No matter the consensus on Sony’s E3 2018 panel, The Last of Us: Part II provided an incredibly strong opening. Trudging through the superbly dark gameplay elements, it was clear that survivors posed much more of a threat this time, as the infected were nowhere to be seen. Horror fans need no fret, however, the Resident Evil 2 Remake has you covered.
As a 19-year-old Ellie takes centre stage for The Last of Us: Part II, Naughty Dog managed to surprise fans by presenting E3 with its first prominently featured gay kiss. This tender, mood-lit moment with a lady called Dina was juxtaposed against Ellie traversing the ultra-violent post-apocalyptic world, brutally killing hostile survivors.

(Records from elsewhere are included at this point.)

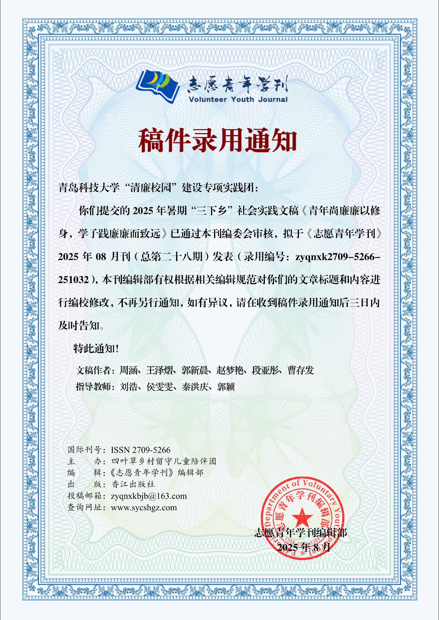 9月9日,《志愿青年学刊》2025年暑期“三下乡”社会实践刊活动纪实类稿件第三批录用名单公布。谈球吧校级重点实践团“清廉校园”建设专项实践团实践纪实《青年尚廉廉以修身,学子践廉廉而致远》通过编委会审核,拟于《志愿青年学刊》2025年08月刊(总第二十八期)发表。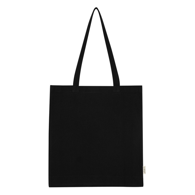 Materijal80% reciklirani pamuk, 20% reciklirani poliester • Gramatura: 220 g/m2 • Čvršća i pouzdanija konstrukcija • Stabilna površina pogodna za štampu • Duge ručke za nošenje na ramenu • Pogodna za promotivne kampanje i svakodnevnu upotrebu • GRS sertifikat • OEKO-TEX sertifikat • FAIRTRADE sertifikat Materijal: reciklirani pamuk i reciklirani poliester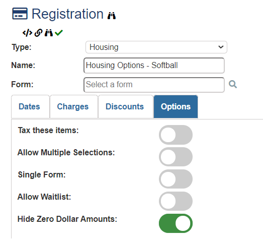 Do you have a registration offering where you want to hide the $0.00 amount showing up on the registration page? After adding a registration option click on the Options tab and turn on the Hide Zero Dollar Amount toggle. This will remove the $0.00 amount from the main registration page showing just the toggle button. This is a good option when you need to ask a question from the start directing the attendee to choose the best and most relevant option.

While we know that Runners, Stalkers and Clickers are still out there as some of the main enemies in The Last of Us: Part II, the trailer ends with Ellie smiling, showing that the end of the world doesn’t have to necessarily be all that bad.
The same can’t be said for the Resident Evil 2 Remake, which opens its gameplay trailer with the death of a rat and a security guard thanks to its own version of the infected – the traditional zombie. Like the original, the player will be able to play through separate campaigns headed by Leon and Claire.
A little more comprehensive than the official remastered Resident Evil HD (2015), the Resident Evil 2 Remake looks to have been given the same over-the-shoulder camera placement introduced in Resident Evil 4. Unfortunately, its fresh coat of paint has been the subject of some criticism, with some fans not particularly fond of the character’s new younger looks.
Some have pointed towards the character models within Rod Lima’s fan-made remake back in 2015 as prime examples of what they expected Leon and Claire to look like in relation to their previous appearances in modern Resident Evil games. Unfortunately, this was shut down in favour of the official Capcom remake within the same year.
KitGuru Says: I do find the character models a little jarring in comparison to previous iterations, however I do think it gets across that both are inexperienced in this relatively new zombiefied world. Alternatively, I’m also liking the infected-less approach that The Last of Us: Part II took during its showcase, as it looks increasingly deeper by the minute. Are you looking forward to either title?